El día de ayer la Suprema Corte de los Estados Unidos, al resolver el caso Estados Unidos vs. Windsor, declaró que la ley de defensa del matrimonio, conocida por sus siglas en inglés DOMA, es violatoria de la protección igualitaria.

 

DOMA es una ley de 1996 firmada por el presidente William Clinton y que definió a nivel federal el matrimonio como la unión de un hombre con una mujer. Al ser una ley federal sus implicaciones son federales.

 

Debido a esta ley muchas parejas del mismo sexo en diversos supuestos se encontraban en situación de desventaja, habiéndoseles negado numerosos derechos conforme a la legislación federal.

 

Uno de estos casos fue el de Edith Windsor quien se casó en Canadá con Thea Spyer tras haber vivido juntas 40 años. En 2009 Thea Spyer falleció y Edith Windsor tuvo que pagar al fisco $363,053 dólares como impuesto por traslado de dominio de los bienes de quien fuera su pareja, un impuesto del que están exentos quienes son considerados legítimos esposos conforme a la ley.

 

El caso fue presentado judicialmente, pero la administración Obama no respondió el caso porque en 2009 se dieron instrucciones de no defender más la ley DOMA. Por tanto la defensa de la ley estuvo a cargo de BLAG, una organización bipartidista del Congreso. El caso en primera instancia y apelaciones fue resuelto a favor de Edith Windsor.

 

El caso llegó a la Suprema Corte quien tuvo que resolver tres diferentes cuestiones. Primero, la protección igualitaria de DOMA; Segundo, la falta de jurisdicción por la concurrencia de la opinión del ejecutivo con el caso de Windsor; y, Tercero, si BLAG tiene interés legítimo en defender DOMA porque afecta sus intereses.

 

En un fallo de 5 contra 4 la mayoría coincidió en que existía un caso y por tanto jurisdicción de la Corte, que BLAG tiene un interés legítimo y, quizá lo trascendente, que DOMA es violatoria de la protección igualitaria.

 

Esta decisión afecta a las parejas del mismo sexo en diversa medida, dependiendo de cada caso. Por ejemplo, en las parejas legalmente casadas, si un miembro es funcionario federal, los beneficios federales se otorgarán a su pareja automáticamente como se otorgan a los matrimonios entre un hombre y una mujer.

 

Para los matrimonios del mismo sexo que residen en un estado donde no está aceptado este matrimonio, el otorgamiento de beneficios no será automático, salvo, probablemente,  si ese estado reconoce la legalidad de la unión celebrada en otro estado.

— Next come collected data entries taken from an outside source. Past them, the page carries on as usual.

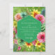 Celebrate your union with a lush and vibrant botanical design. A lime green background sets the stage for an explosion of painterly blossoms in shades of hot pink, sunny yellow, and soft rose. Watercolor dahlias, romantic roses, and unique teal succulents create a cheerful arrangement for a joyful affair.
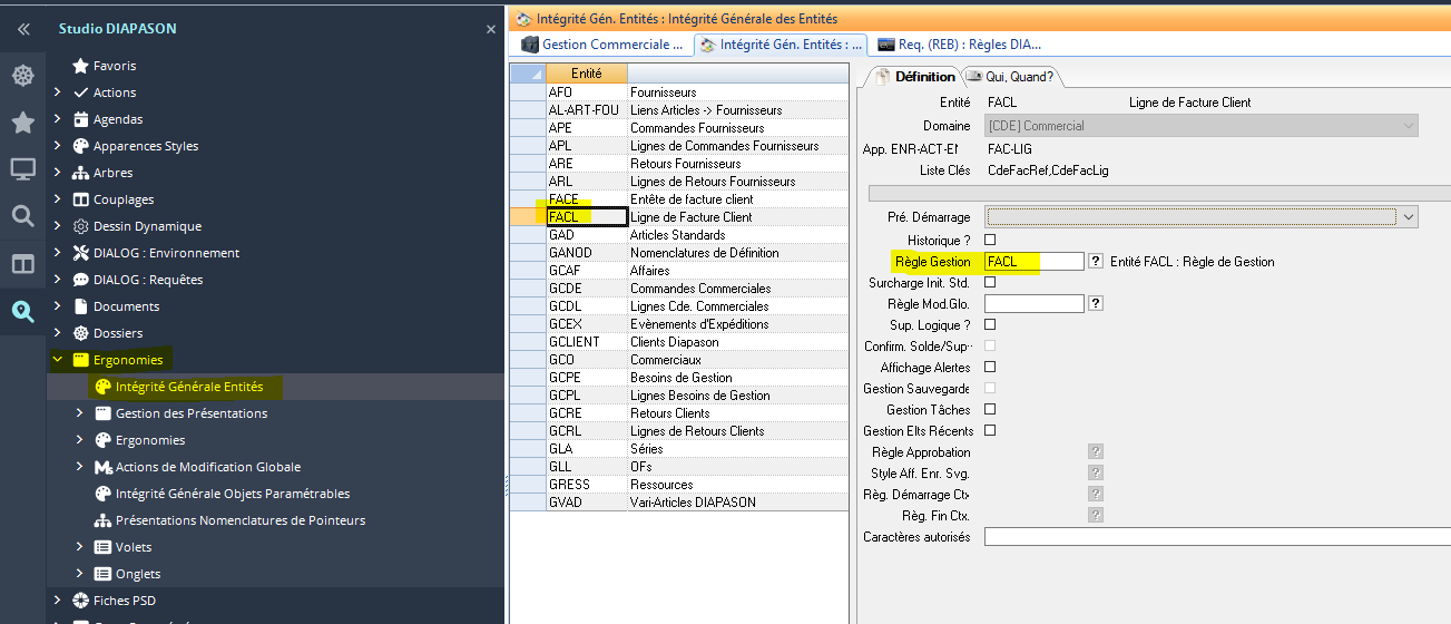 Pour savoir si une requête existe, aller dans Ergonomie/Intégrité Générale Entité puis se positionner sur l’entité FACL :
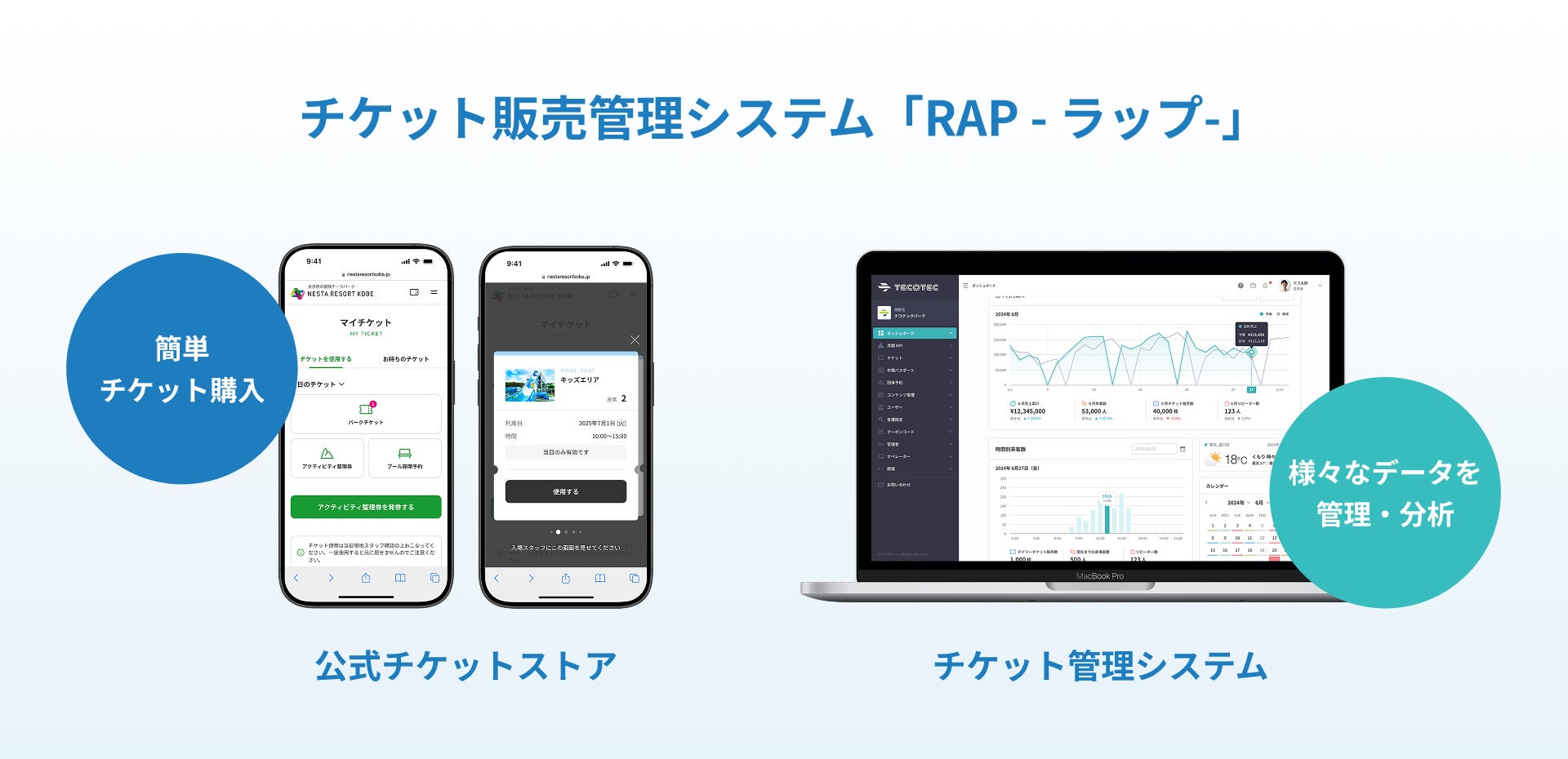 株式会社テコテック(本社:東京都渋谷区、代表取締役:釣崎宏)は、株式会社ネスタリゾート神戸(本社:兵庫県三木市、代表取締役:田中淳)が運営する「ネスタリゾート神戸」にて、2025年7月1日(火)よりオープンするプール施設内に設置される有料席の座席指定予約へ、快適な施設運営を支援するエンタメ施設向けチケット販売管理システム『RAP -ラップ-』の導入及びカスタマイズ開発いたしましたのでお知らせします。
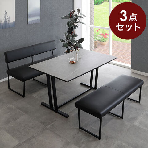 ダイニングセット 3点セット 4人掛け セラミック ダイニングテーブルセット ベンチ チェア 食卓セット 天然木 ナチュラル レザー PVC【送料無料】
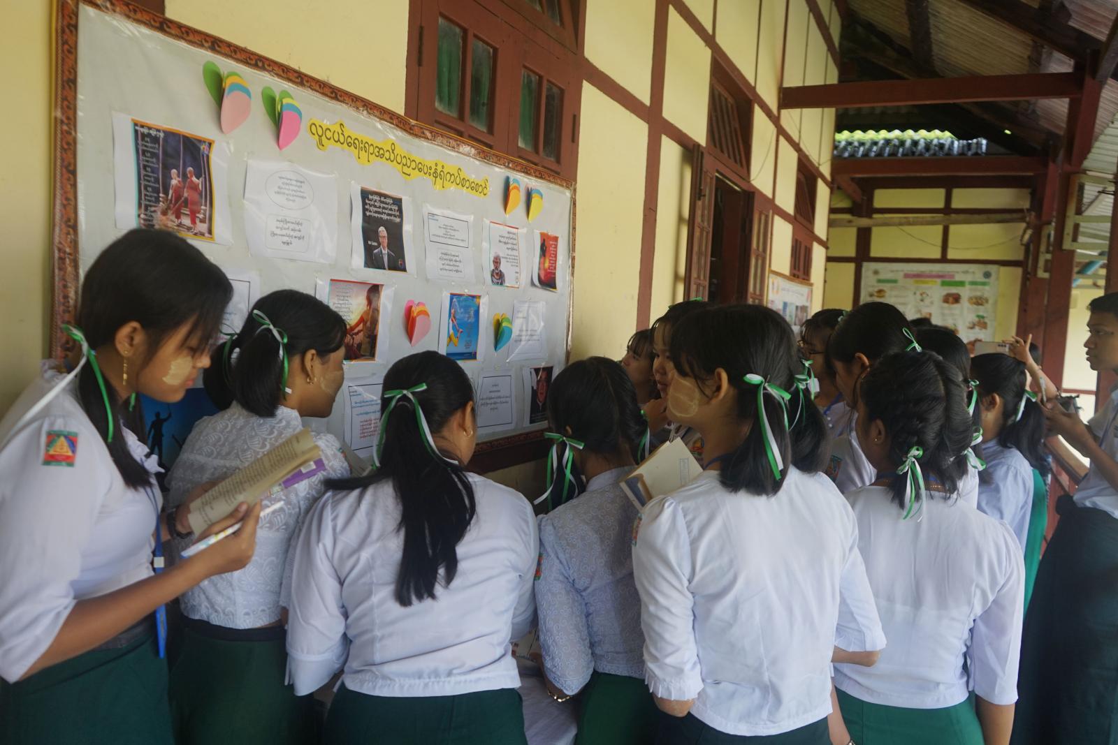 ယင်းနောက် မြို့နယ်အားကစားနှင့်ကာယပညာဦးစီးဌာနမှ အားကစားဆိုင်ရာပစ္စည်းများ ပေးအပ်လှူဒါန်းခဲ့ရာ အထက်တန်းပြဆရာမ ဒေါ်စန်းသီတာက လက်ခံရယူခဲ့ပြီး အားကစားဆိုင်ရာ အသိပညာပေး လက်ကမ်းစာစောင်များဖြန့်ဝေခဲ့ကြောင်းနှင့် ပြန်ကြားရေးနှင့်ပြည်သူ့ဆက်ဆံရေး ဦးစီးဌာနမှ ပြသထားရှိသည့် လူငယ်ရေးရာ အသိပညာပေး နံရံကပ်စာစောင်များ၊ သုတ/ရသစာအုပ် စာစောင်များကို ကျောင်းသား/ကျောင်းသူများက စိတ်ပါဝင်စားစွာ လေ့လာဖတ်ရှုခဲ့ကြောင်း သိရသည်။
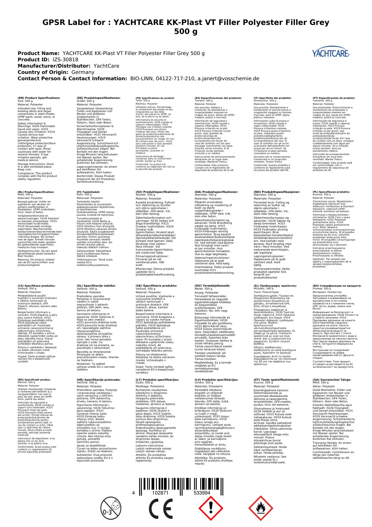 YACHTCARE KK-Plast VT Füllspachtel Polyesterspachtel grau 500 g
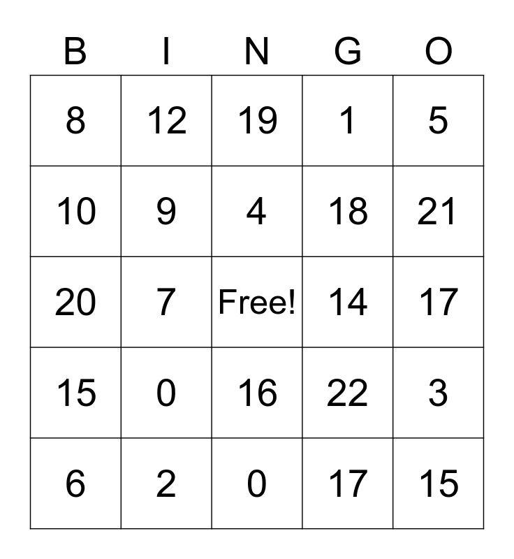 This bingo card has a free space and 24 words: 0, 2, 4, 6, 5, 8, 10, 12, 14, 16, 18, 20, 22, 3, 9, 17, 17, 19, 21, 7, 15, 15, 1 and 0.

En materia fiscal las leyes deberán ser adaptadas para que el tratamiento sea igualitario a los matrimonios del mismo sexo. Lo mismo sucederá con las leyes de seguridad social.

 

En materia migratoria se abre la posibilidad de que las parejas del mismo sexo bi nacionales sean tratadas igualitariamente lo que significaría que gracias al matrimonio se podría evitar la deportación del miembro de la pareja que no tiene la nacionalidad de los Estados Unidos.

 

Y mientras las parejas del mismo sexo celebran la decisión de la Corte, los juristas estadounidenses se encuentran analizando a detalle todas las consecuencias legales que ésta tendrá en el futuro cercano y en los casos que se están litigando actualmente.